Мэйфейрские ведьмы — страница 124 из 142

Если у тебя такого желания не возникало, что ж, наверное, ты намного умнее и сильнее меня. Никогда прежде мне не приходилось общаться с призраком, или духом, или кто там он еще… И сейчас, извини, несмотря на все, что недавно узнал, и на то, что он сделал с Эроном, я ни за что не упущу такую возможность.

– Согласна. – Роуан кивнула. – Ты все очень резонно объяснил. Может, он действительно играет на наших чувствах, на том тщеславии, которого отнюдь не лишены некоторые из нас, предпочитающие не быть похожими на других и идти своим путем. Но между мной и этим существом есть что-то еще. Оно прикасалось ко мне. И после этого у меня осталось ощущение, как будто меня изнасиловали, осквернили, – очень неприятное, скажу тебе, ощущение.

В наступившей тишине Роуан на миг показалось, что она слышит, как шумит кровь в голове пристально смотревшего на нее Майкла, как крутятся колесики в его мозгу.

Наконец он встал, пододвинул по столу поближе к себе бархатный футляр, открыл его и принялся внимательно разглядывать изумруд.

– Ну же, решайся, – подбодрила его Роуан. – Дотронься до него.

– Он совсем не похож на тот, который представлял себе я, – прошептал Майкл. – В моем воображении он выглядел совсем иначе, а вспомнить я не мог…

Он потряс головой и уже собирался было закрыть футляр, но передумал. Медленно сняв с руки перчатку, он коснулся пальцами поверхности камня.

Роуан молча ждала, однако по лицу Майкла видела, что тот разочарован и чем-то встревожен.

– Я видел твой образ, – закрыв футляр, со вздохом ответил Майкл на застывший в ее глазах, но так и не высказанный вопрос. – Видел, как ты надеваешь его на себя, а я стою напротив.

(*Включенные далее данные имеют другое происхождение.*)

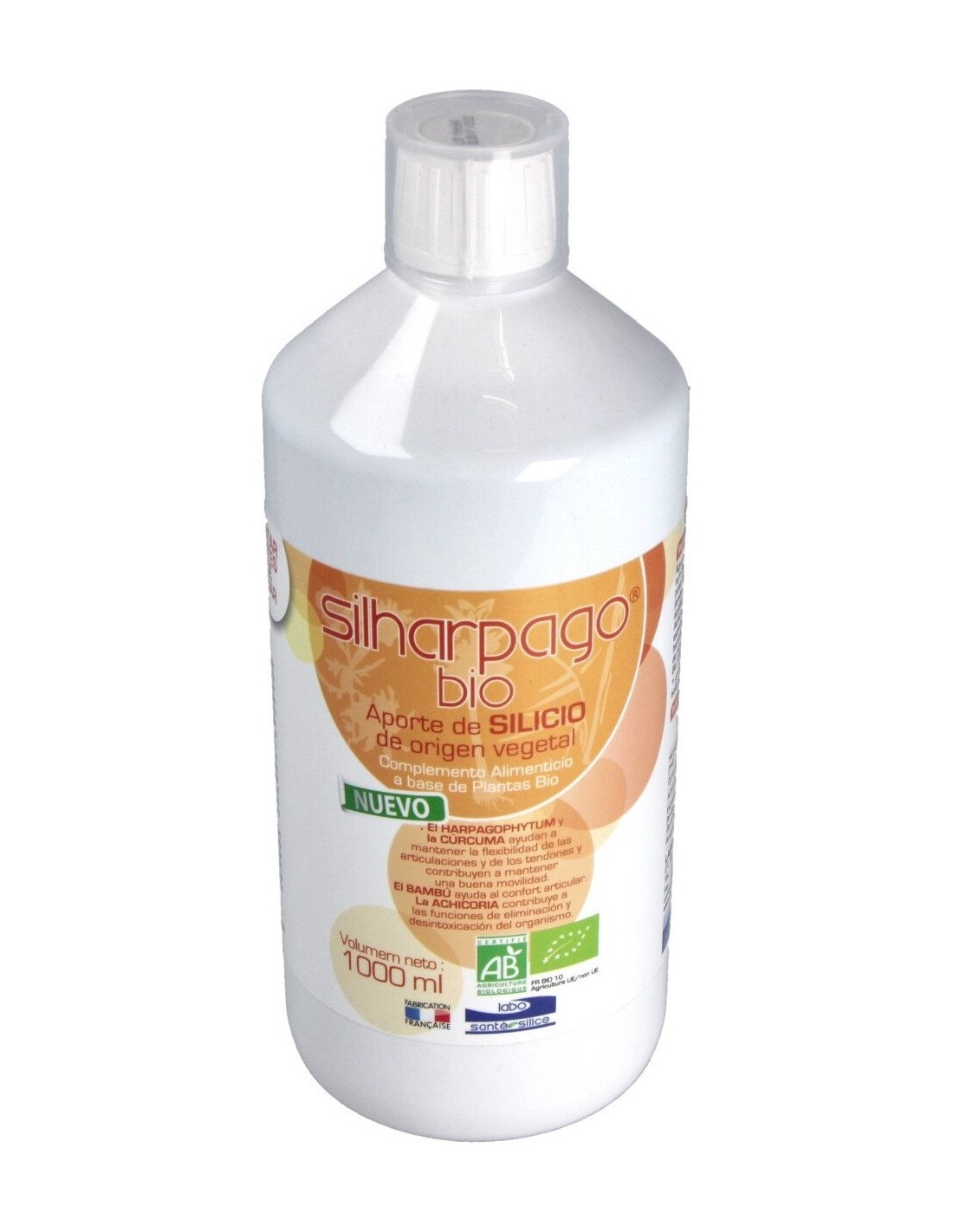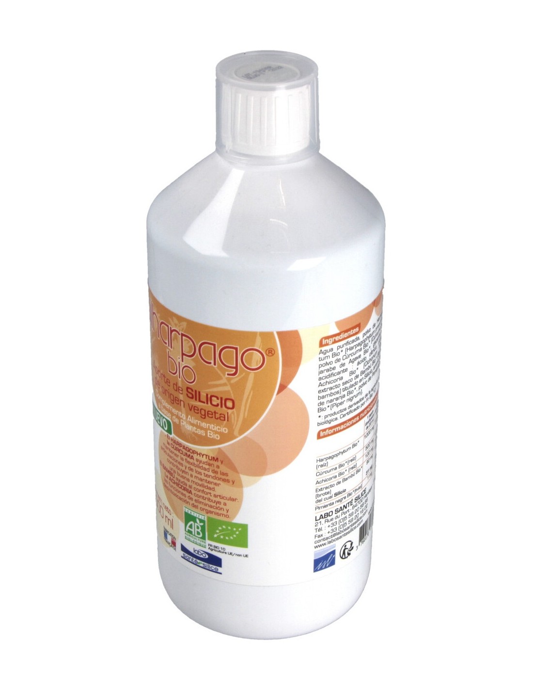 Ayuda a mantener la flexibilidad de las articulaciones y de los tendones, contribuyendo a una buena movilidad. Apto para vegetarianos.SILHARPAGO BIO 1litro de LABO SANTE SILICE

Он неторопливо натянул перчатку.

– Изумруд был на мне, когда ты вошел.

– Вот как? А я даже не заметил.

– Было темно.

– Просто в тот момент я мог видеть только тебя.

– Ты полагаешь, это имеет значение? – Роуан пожала плечами. – Я сразу же сняла его и положила обратно в футляр.

– Не знаю.

– А когда ты касался его… Видел ли ты что-нибудь еще? Майкл покачал головой.

– Только то, что ты любишь меня, – вполголоса ответил он. – Действительно любишь.

– Ну-у, чтобы сделать такое открытие, тебе достаточно было коснуться меня.

Майкл улыбнулся, но улыбка получилась печальной и смущенной. Потом засунул руки поглубже в карманы, словно они мешали ему, и опустил голову.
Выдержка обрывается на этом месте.